Minister of Agriculture, Livestock, Land and Irrigation
- Incumbent
- Assumed office 18 November 2024
- President: Anura Kumara Dissanayake
- Prime Minister: Harini Amarasuriya
- Preceded by: Anura Kumara Dissanayake

Member of Parliament for Kandy District
- Incumbent
- Assumed office 21 November 2024
- Majority: 316,951 preferential votes

Member of Parliament for Anuradhapura District
- In office 2001–2010

Minister of Primary Industries
- In office April 2004 – May 2005

Personal details
- Party: Janatha Vimukthi Peramuna
- Other political affiliations: National People's Power

= K. D. Lalkantha =

Agriculture Minister of Sri Lanka since 2024

Kuragamage Don Lalkantha is a Sri Lankan politician who has served as the Minister of Minister of Agriculture, Livestock, Land and Irrigation since 2024. A member of National People's Power and Janatha Vimukthi Peramuna, he was elected as a Member of Parliament for Kandy Electoral District in 2024 Sri Lankan parliamentary election. He was formerly member of the parliament for Anuradhapura District from 2001 to 2010.

== Political career ==

=== JVP Insurgency ===
Lalkantha joined the JVP, having completed its five classes orientation programme as a student, and was initially attached to the Dematagoda cell before he was transferred to his hometown in Anuradhapura. Lalkantha worked for the party at the hight of the 1987–1989 JVP insurrection until he was arrested in 1988 by the police, where tortured and detained for three months until he was produced before the Anuradhapura magistrate and sent to a detention camp at the Anuradhapura Prison under a detention order issued by the magistrate. He escaped from the detention camp during a breakout carried out by the JVP and subsequently went into hiding. He then attended a training camp and was sent to the party post at Nochchiyagama as an organizer, tasked with the disrupting the 1988 Sri Lankan presidential election. He was then posted as the party organizer for Egodapattu, building the JVP presence in the area until he was arrested and charged a second time by the Polonnaruwa police and imprisoned at the Welikada Prison.

=== Arrested for drunk driving ===
Lalkantha was arrested for driving under the influence of liquor on 1 March 2019 after his vehicle had met with an accident injuring two women in Anuradhapura.

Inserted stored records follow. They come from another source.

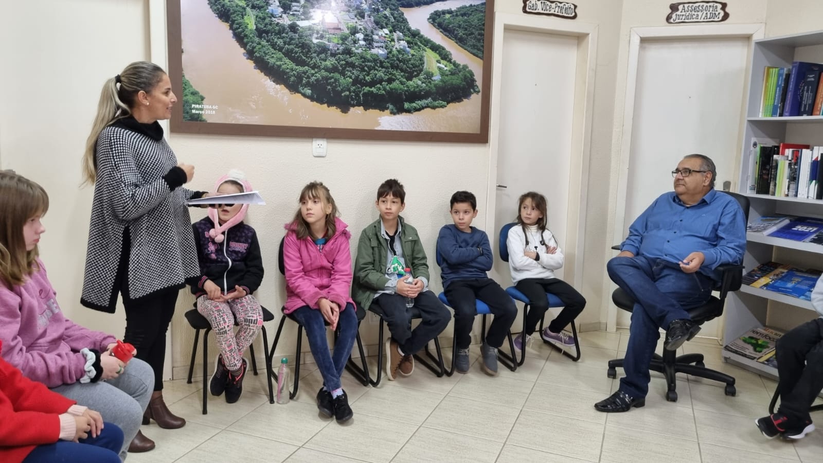 CHEFE DO EXECUTIVO DE PIRATUBA RECEBE GRUPO DE ESTUDANTES E SATISFAZ CURIOSIDADE DA GAROTADA EM MANHÃ DE CONVERSA
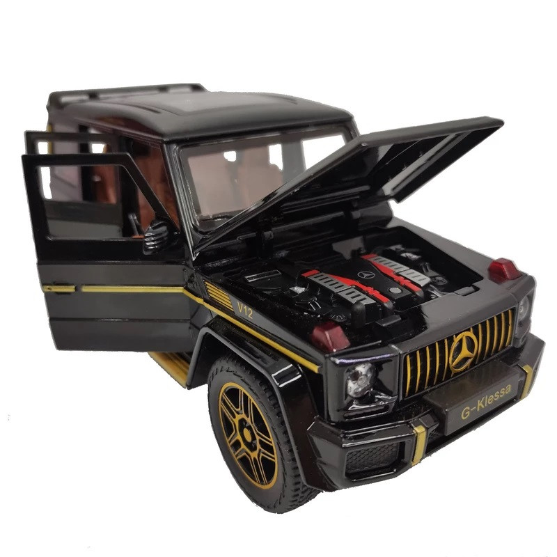 ماکت ماشین مدل بنز G-class G63 یک ماشین اسباب بازی جذاب برای پسر بچهها و افراد علاقهمند به ماشین است. بدنه این ماکت از فلز مقاوم ساخته شده که باعث استحکام و دوام بالای آن شده است.
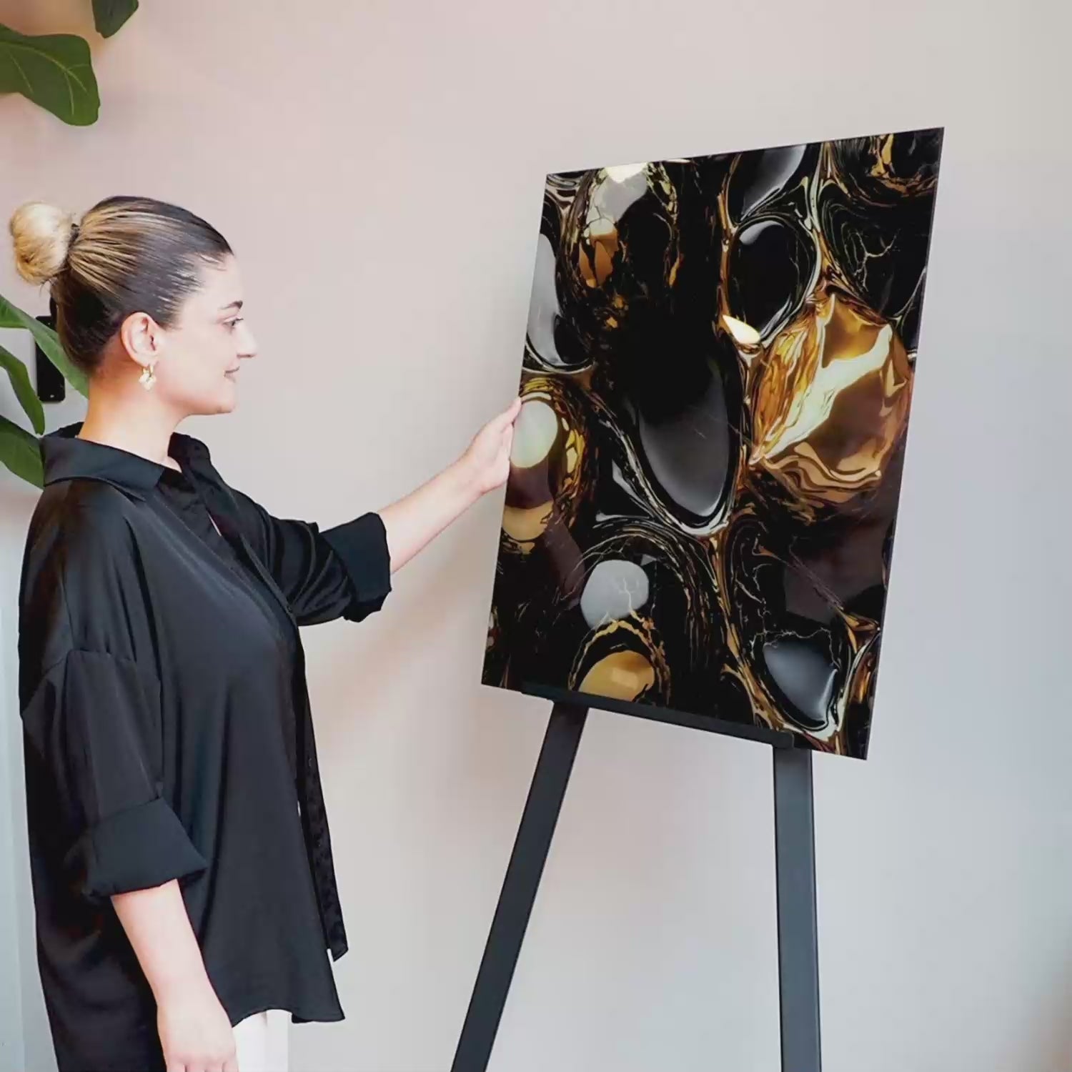 - Cam tablolarımızın arkasında bir askı aparatı mevcuttur. Duvar tipinize uygun bir çivi yardımı ile ürünümüzü duvarınıza kolaylıkla asabilirsiniz. (Yalnızca 63x63 cm 93x93 cm ölçülerimizde çift askı aparatı mevcuttur).

=== Comments on human–wildlife conflict ===
On 5 December 2024, Lalkantha received backlash for comments he made in parliament regarding the human–widlife conflict in Sri Lanka. Lalkantha referred to crop-raiding experienced by local farmers, specifically by wild boar and monkey populations in the country. Calling it "animal terrorism", Lalkantha stated that "farmers must know that there are no legal restrictions preventing them from taking appropriate measures on their land to safeguard their crops from these animals. We urge them to act within their capacity to mitigate the damage caused." He further assured that the government was actively working on a comprehensive solution to the issue.

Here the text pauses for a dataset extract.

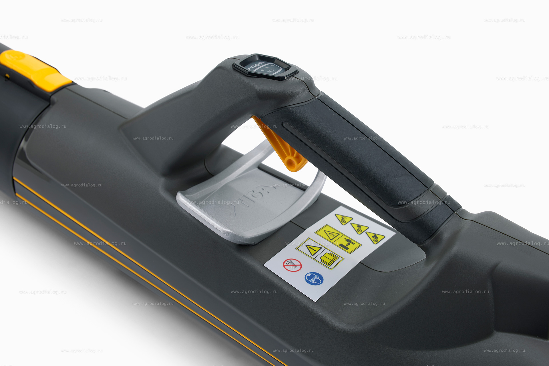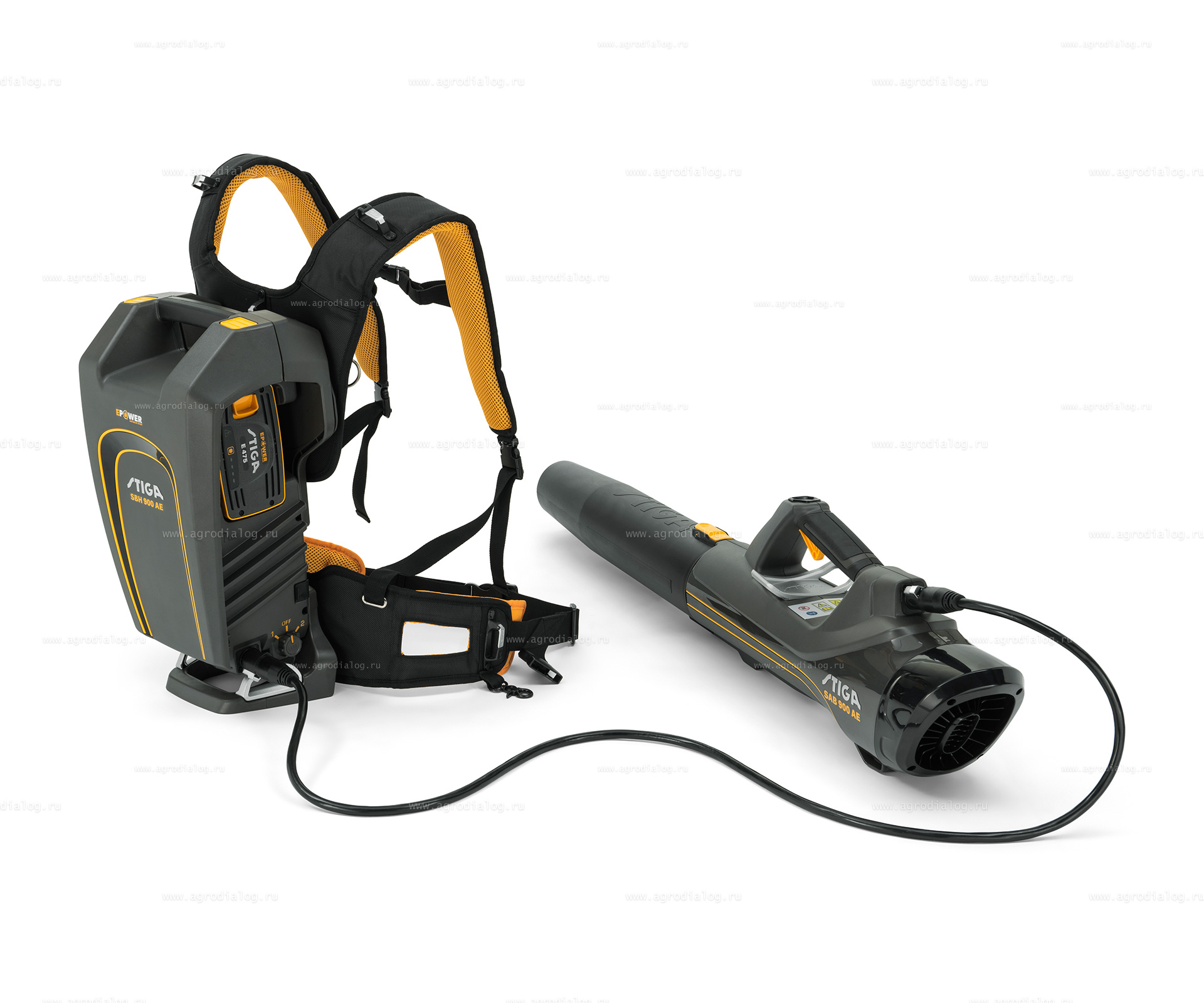 - Особенностью этого устройства является отсутствие гнезда для стандартного аккумулятора. Аккумулятор устанавливается в ранцевую систему Stiga SBH 900 AE и подключается к воздуходувке с помощью коннектора. Таким образом в руках вы держите только сам воздуходув и не нагружаете руку дополнительным весом от аккумулятора.
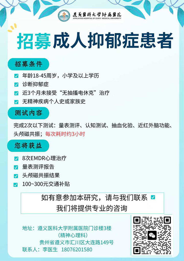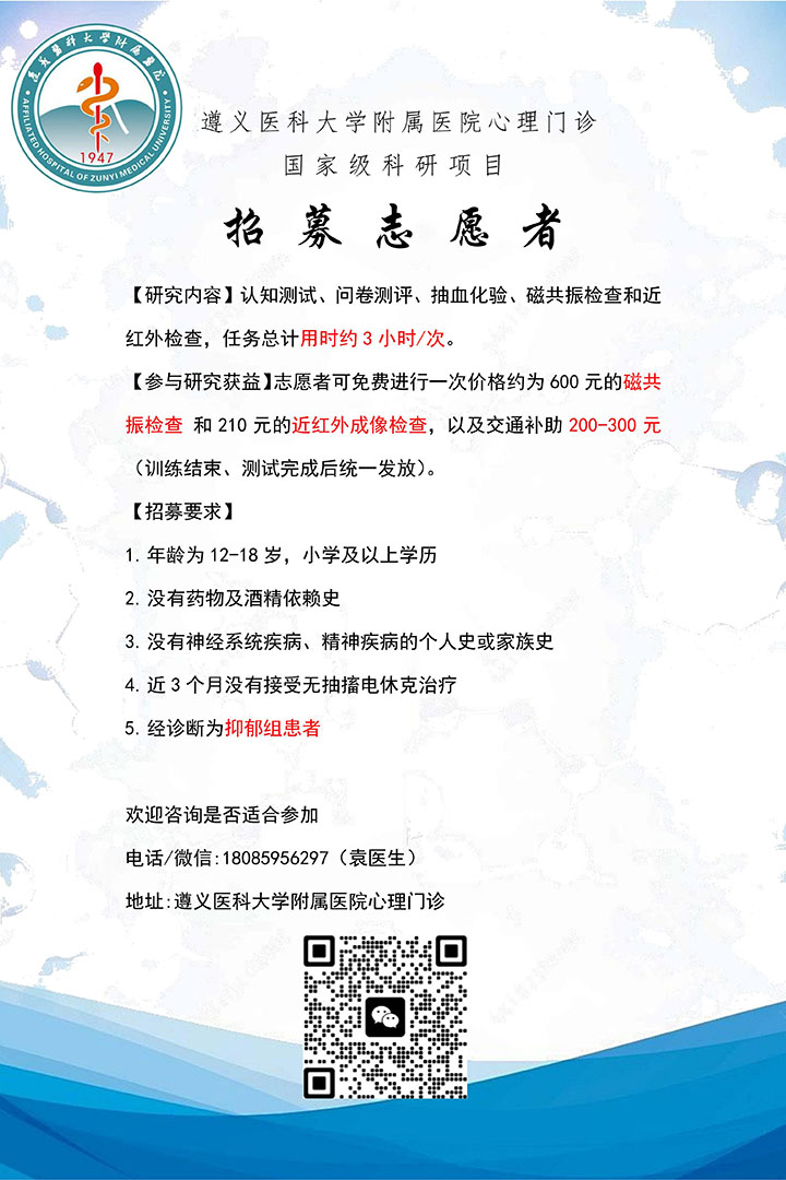 遵义医科大学附属医院心理门诊国家级科研项目招募志愿者公告

On 6 December 2024, a protest was held by animal rights activists in response to Lalkantha's comments, led by 2019 presidential candidate Ajanatha Perera. Perera stated that animals have as much a right to the land as people do, further going on to talk about human-caused habitat fragmentation due to urbanization and deforestation. She called on President Anura Kumara Dissanayake to condemn Lalkantha's "dangerous" comments, with Lalkantha being a minister in Dissanayake's cabinet.